CareFirst Blue Cross Blue Shield is alerting 6,800 of its plan members that some of their protected health information has potentially been accessed by unauthorized individuals as a result of a successful phishing attack on one of its employees.
Phishing attacks are conducted to gain access to sensitive information such as email credentials. Those credentials are then used to access to sensitive data or conduct further attacks on an organization.
The CareFirst phishing attack was discovered on March 12, 2018. A single employee was fooled into disclosing email account credentials and the attackers used those credentials to access the email account and send spam emails to an email contact list. The recipients of those messages were not affiliated to CareFirst.
CareFirst’s security team conducted a full analysis of the email and a forensic analysis of its systems and a third-party cybersecurity company also assisted with the investigation into the attack. The analysis of the initial phishing message revealed no malware had been installed, and no malicious software was sent to any of the contacts in the email account.
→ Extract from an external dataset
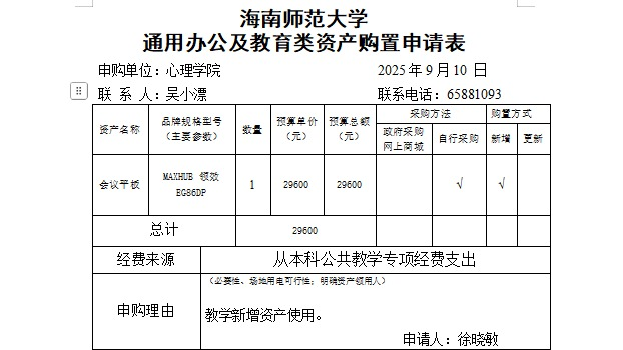 心理学院资产购置公示

The internal and third-party investigations did not uncover evidence to suggest any emails in the account were accessed, although the possibility could not be ruled out with total certainty. Many of the emails in the account contained the protected health information of members including names, dates of birth, and member ID numbers. No medical information or financial data were present in any of the emails in the account. CareFirst reports that out of the 6,800 members impacted, only 8 Social Security numbers were exposed.
Even though the risk of data being used for malicious purposes is low, out of an abundance of caution, all individuals impacted by the breach have been offered two years of complimentary credit monitoring and identity theft protection services.
The incident shows that even with security awareness training employees can still be fooled by phishing emails. CareFirst says it provides annual training sessions on information security for all employees. In addition, an ongoing security awareness program helps to maintain awareness of phishing and other security threats.